Sunless Skies - PC Preview

The good folks at Failbetter Games know how to make games that ooze atmosphere. First with the free and utterly excellent browser game, Fallen London, then with the mindblowingly fantastic and Lovecraftian Sunless Seas. Now they have done it again with Sunless Skies, with its top-down space-faring locomotives and Newtonian physics, Sunless Skies brings more action and the same, spectacular storytelling to computers in their latest Early Access offering. Dripping with character and eerily suspenseful moments, Sunless Skies is an absolute steal at $25, even in its current Early Access state.

A quick sidebar; if you have yet to experience Sunless Seas, I strongly urge you to head to Steam and pick it up and spend the next few days of your life navigating the perilous seas of a nearly submerged London.
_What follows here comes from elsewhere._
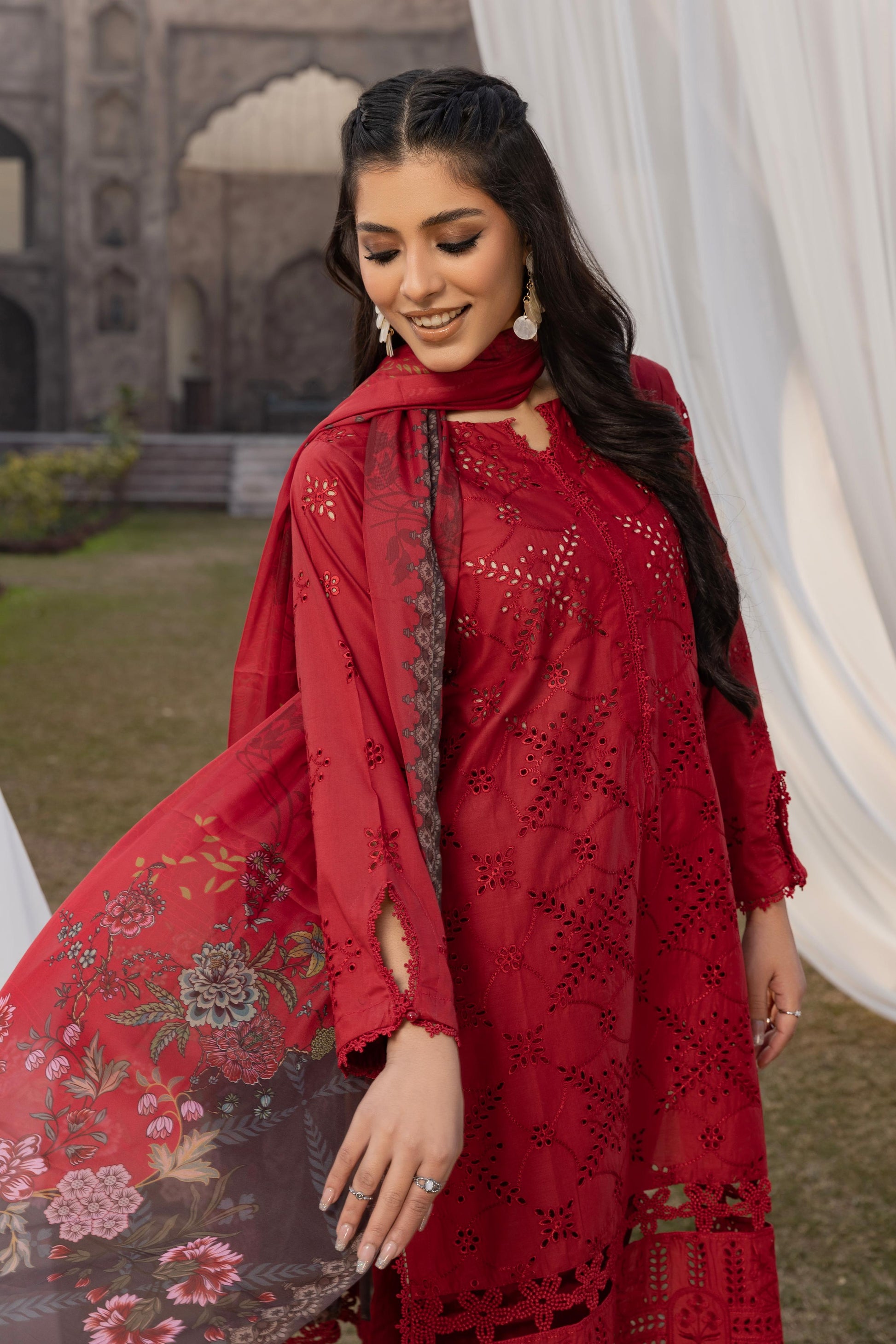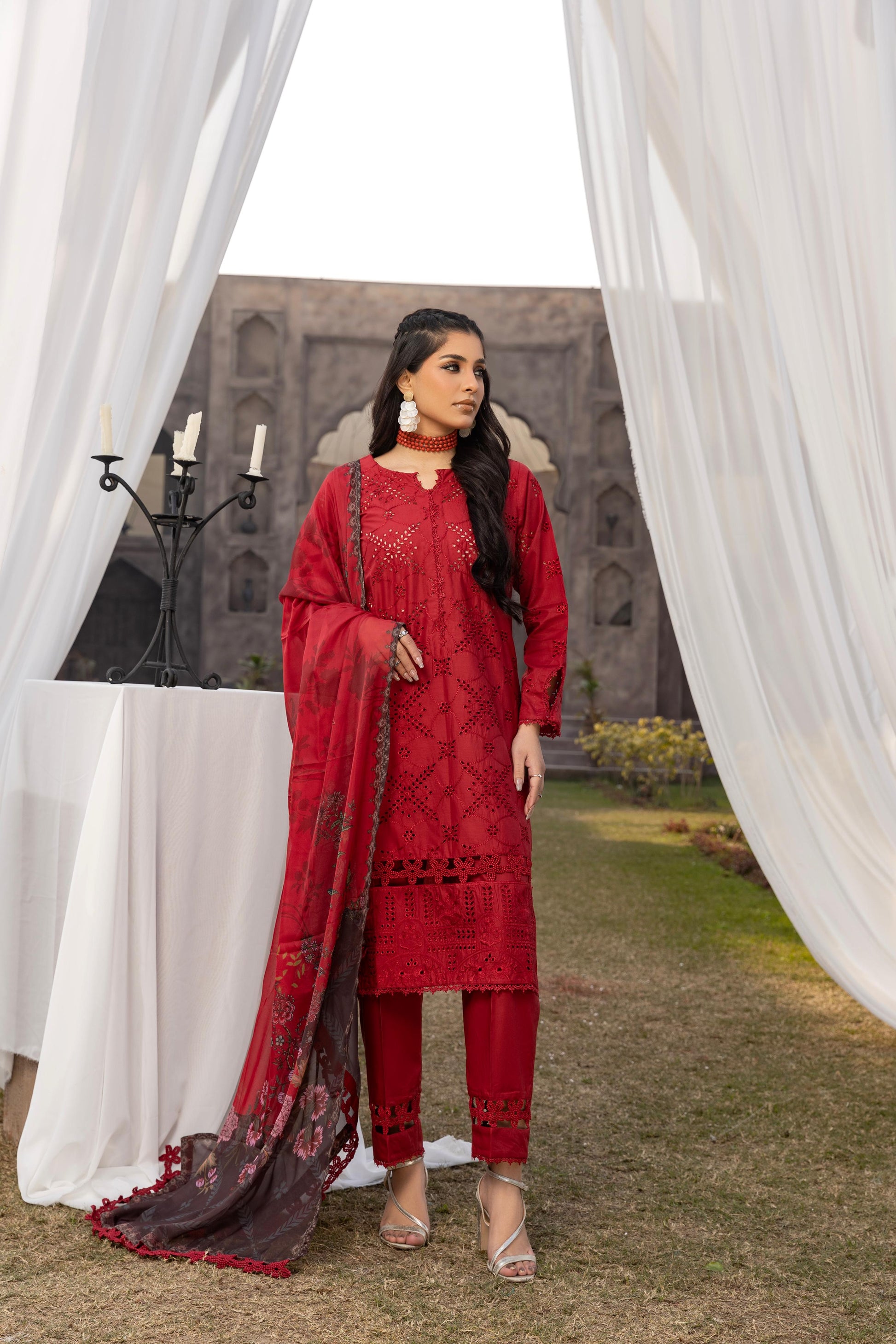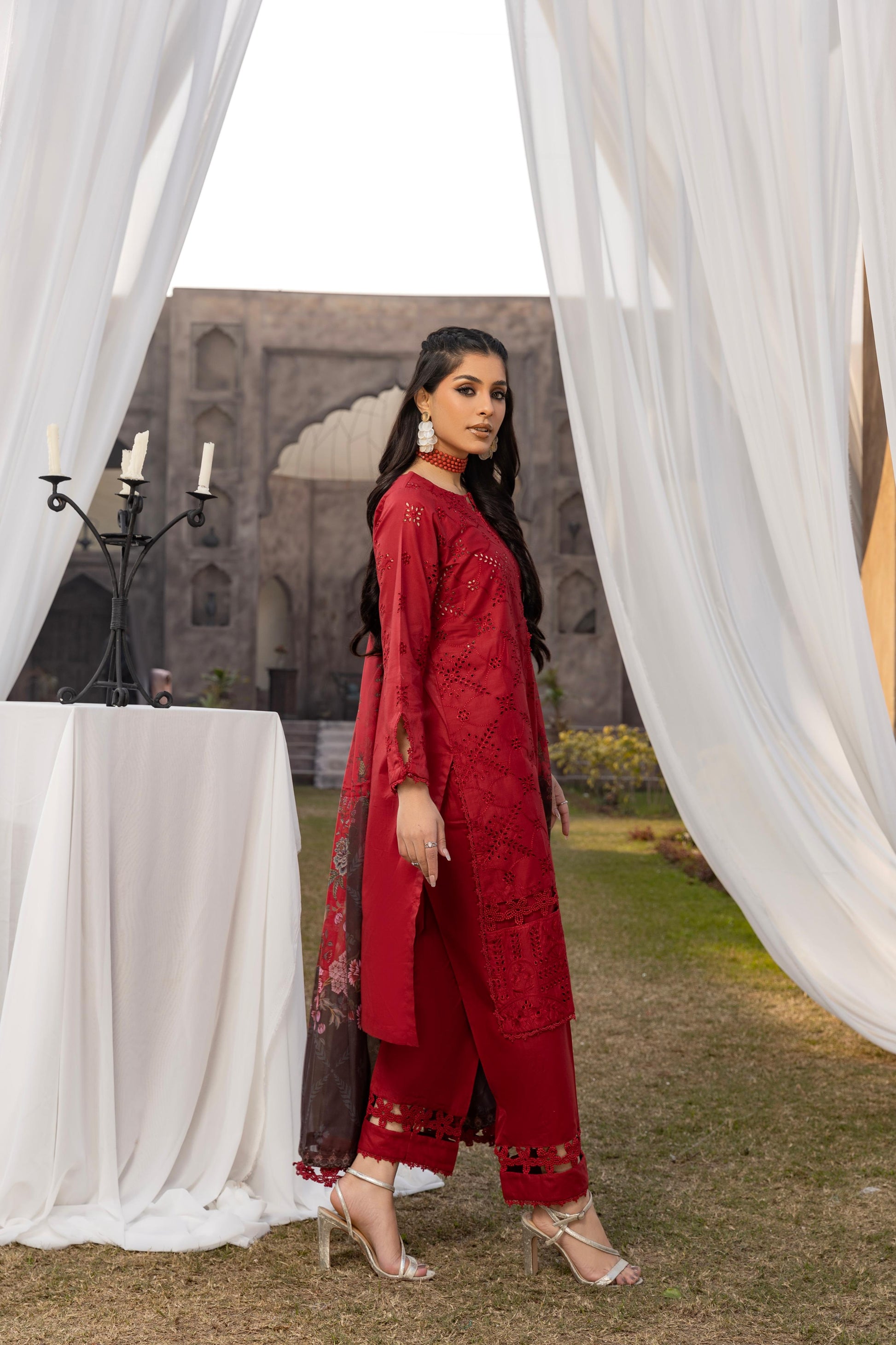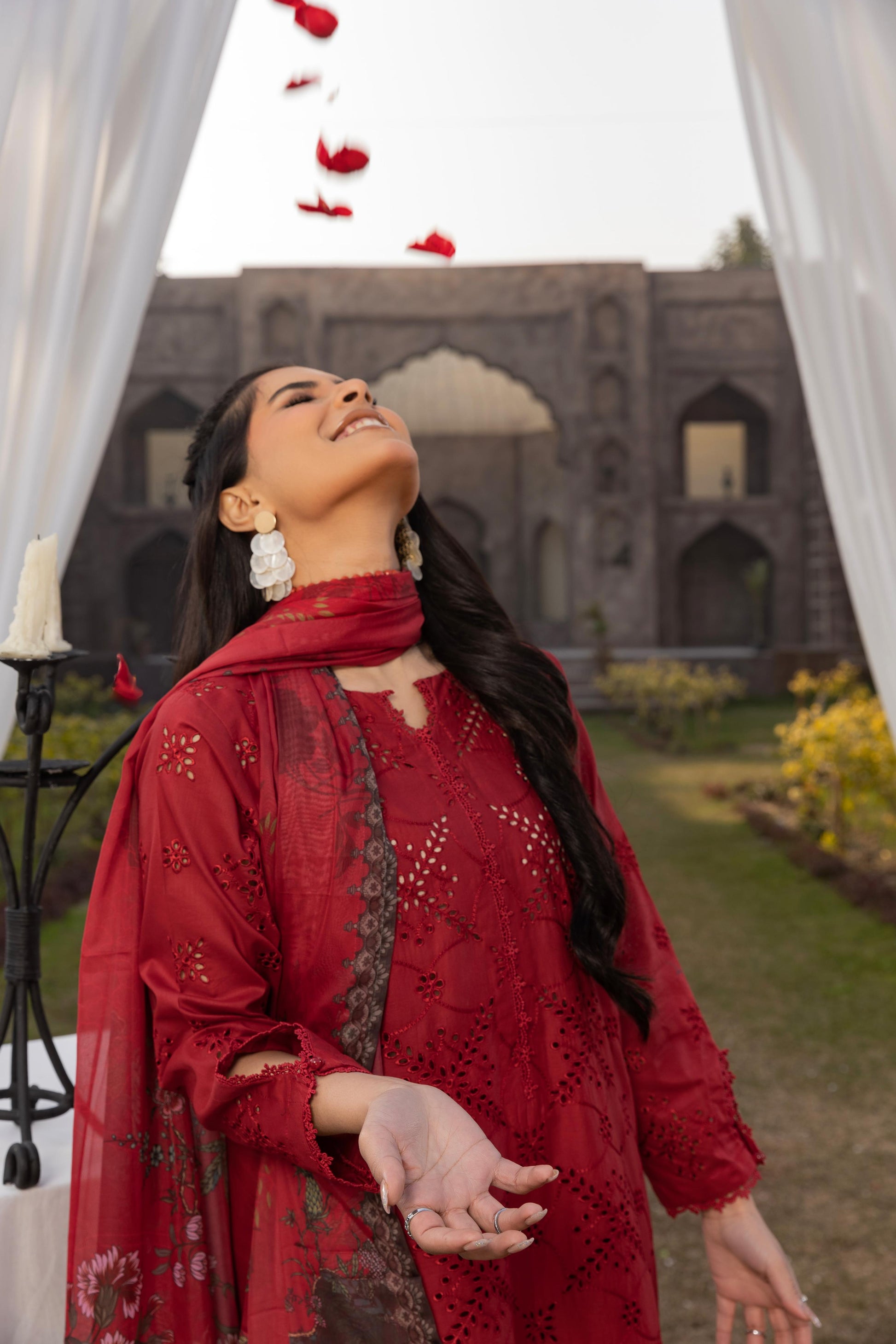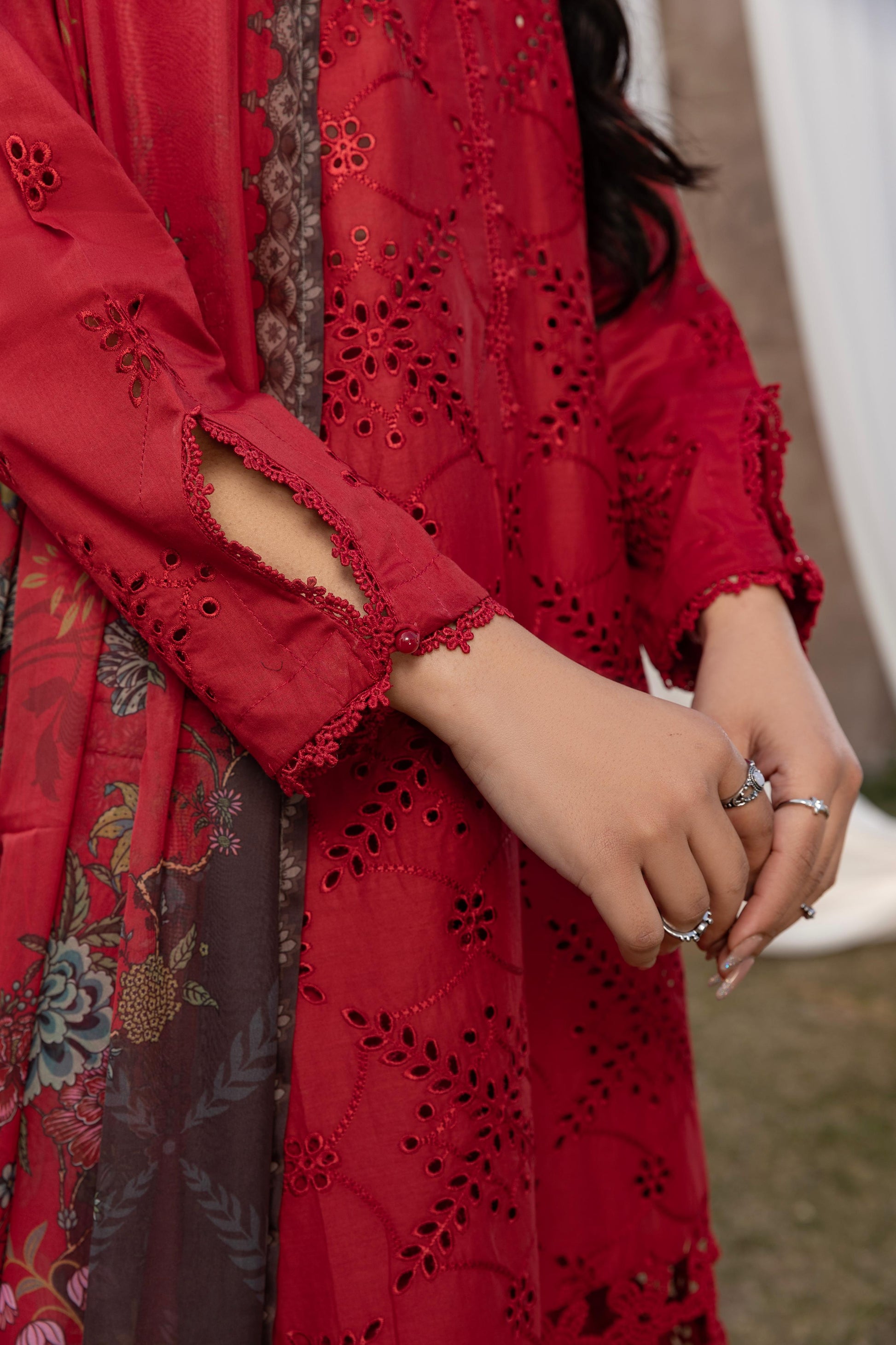 Qirmezi Dress features a finely schiffli lawn embroidered shirt paired with intricately cotton embroidered trousers and a printed silk dupatta—an elegant ensemble for a timeless and sophisticated look.

It is an absolute dream to play, even if it is more of a screamy-dreamy than a fluffy-fun dream. You can pick it up on Steam or

Starting the game off you will move through the steps of character creating, choosing attributes that you feel will best suit your playstyle, and then you are off into the stars in your steam-powered locomotive. Investigate space as your crew and you carve out a life amidst the stars and work to support the Empire, support the rebellious working class, or towards freedom from the Workworlds; your choices in your quest for survival in the vastness of space will leave a mark on the world of Sunless Skies like never before.

Those familiar with Failbetter Games' previous titles will feel right at home with Sunless Skies; the top-down navigation, the text-heavy storytelling, the beyond-the-pale world-building, and atmospheric tension so thick you can feel it in the air around you. Everything about Sunless Skies is about setting a mood and more often than not the mood it sets is one of dread mixed with no amount of childish wonder. I am no stranger to space-related titles as I have spent hundreds if not thousands of hours of my gaming life amongst the stars and even now I am hit with a sense of awe when first pulling up to the dock of Titania, a gorgeously floral-eque colony in space just north of the starting point. I have seen it countless times and I still enjoy the sight, and that is a common sentiment throughout the entirety of the game.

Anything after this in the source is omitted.